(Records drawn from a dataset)
┏━━
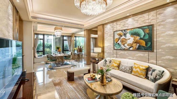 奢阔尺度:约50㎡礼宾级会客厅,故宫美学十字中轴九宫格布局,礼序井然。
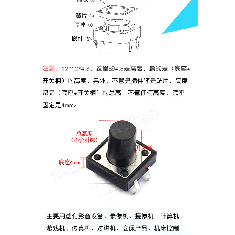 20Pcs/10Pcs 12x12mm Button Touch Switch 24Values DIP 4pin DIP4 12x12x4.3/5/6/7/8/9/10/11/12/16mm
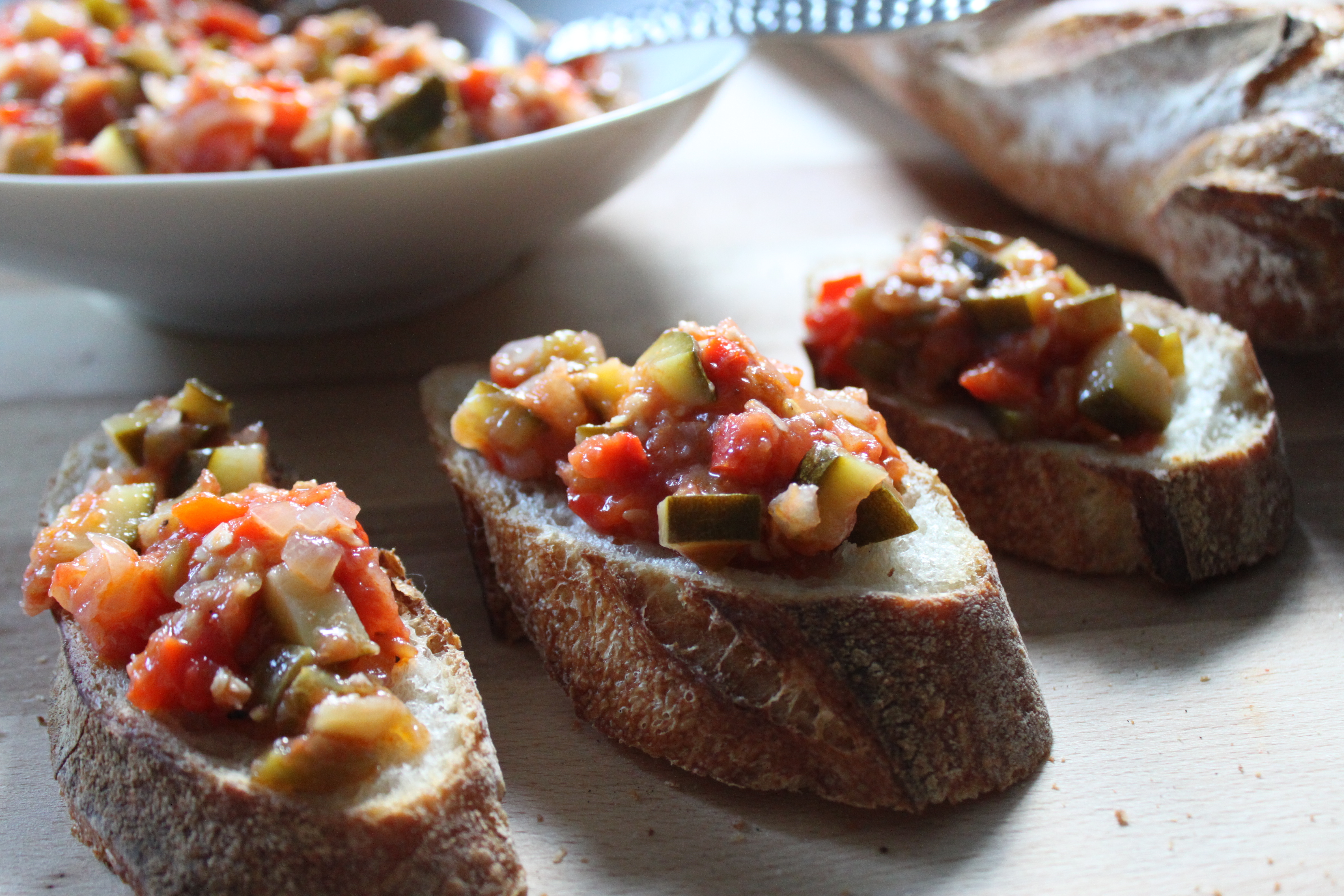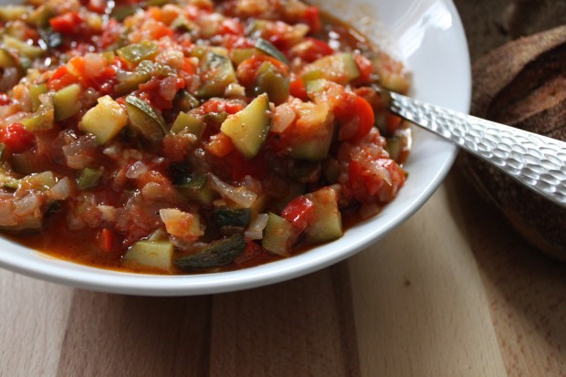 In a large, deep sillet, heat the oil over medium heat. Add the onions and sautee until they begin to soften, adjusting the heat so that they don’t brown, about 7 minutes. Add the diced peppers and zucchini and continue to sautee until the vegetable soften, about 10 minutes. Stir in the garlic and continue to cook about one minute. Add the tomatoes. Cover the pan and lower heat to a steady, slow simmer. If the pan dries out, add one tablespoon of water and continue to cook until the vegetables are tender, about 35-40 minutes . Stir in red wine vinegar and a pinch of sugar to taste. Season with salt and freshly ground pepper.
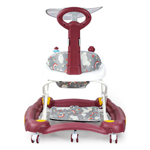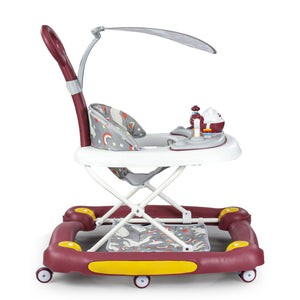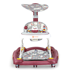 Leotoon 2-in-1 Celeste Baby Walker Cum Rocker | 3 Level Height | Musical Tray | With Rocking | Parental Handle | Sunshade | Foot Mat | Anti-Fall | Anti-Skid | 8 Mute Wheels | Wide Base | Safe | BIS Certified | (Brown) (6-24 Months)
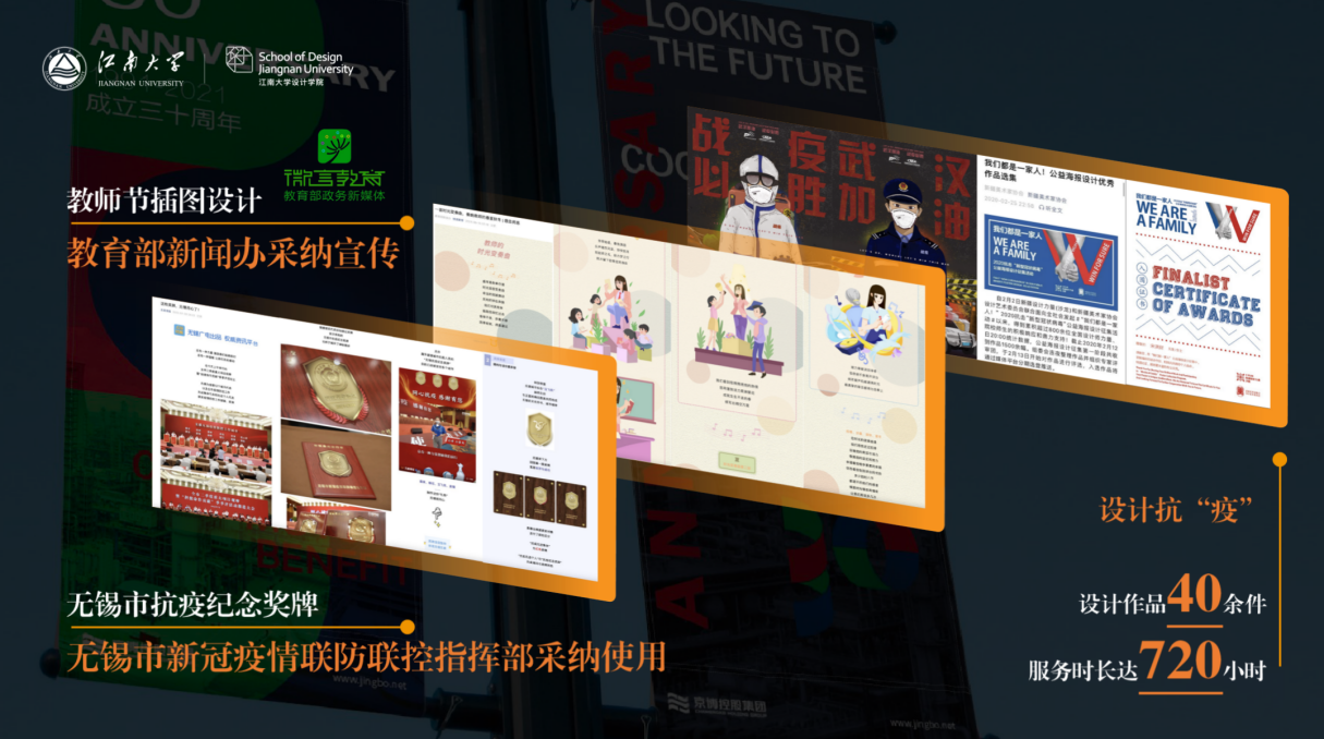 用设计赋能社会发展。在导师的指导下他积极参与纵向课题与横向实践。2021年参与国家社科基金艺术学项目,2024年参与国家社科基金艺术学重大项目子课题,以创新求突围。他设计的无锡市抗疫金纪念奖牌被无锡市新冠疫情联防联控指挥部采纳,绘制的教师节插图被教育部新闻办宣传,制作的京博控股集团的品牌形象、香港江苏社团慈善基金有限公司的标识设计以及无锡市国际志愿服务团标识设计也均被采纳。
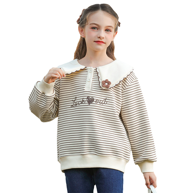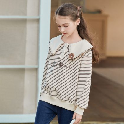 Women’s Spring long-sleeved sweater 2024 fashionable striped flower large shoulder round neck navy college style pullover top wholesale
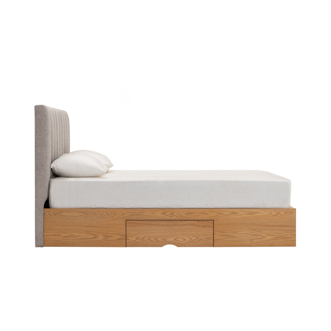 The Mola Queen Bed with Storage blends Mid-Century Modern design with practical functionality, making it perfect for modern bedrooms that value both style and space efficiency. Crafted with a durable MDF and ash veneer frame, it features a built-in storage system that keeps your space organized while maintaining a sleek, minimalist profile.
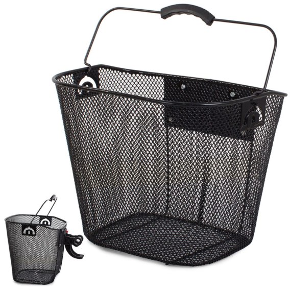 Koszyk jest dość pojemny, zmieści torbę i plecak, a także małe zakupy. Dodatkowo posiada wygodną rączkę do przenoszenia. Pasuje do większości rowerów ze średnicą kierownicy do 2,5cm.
┗━━
• What you have to do
Give the lines again exactly, starting where the entries begin and stopping once the line with "In a large, deep" is included; pictures are not copied.

• Problem solution
 奢阔尺度:约50㎡礼宾级会客厅,故宫美学十字中轴九宫格布局,礼序井然。
 20Pcs/10Pcs 12x12mm Button Touch Switch 24Values DIP 4pin DIP4 12x12x4.3/5/6/7/8/9/10/11/12/16mm
 In a large, deep sillet, heat the oil over medium heat. Add the onions and sautee until they begin to soften, adjusting the heat so that they don’t brown, about 7 minutes. Add the diced peppers and zucchini and continue to sautee until the vegetable soften, about 10 minutes. Stir in the garlic and continue to cook about one minute. Add the tomatoes. Cover the pan and lower heat to a steady, slow simmer. If the pan dries out, add one tablespoon of water and continue to cook until the vegetables are tender, about 35-40 minutes . Stir in red wine vinegar and a pinch of sugar to taste. Season with salt and freshly ground pepper.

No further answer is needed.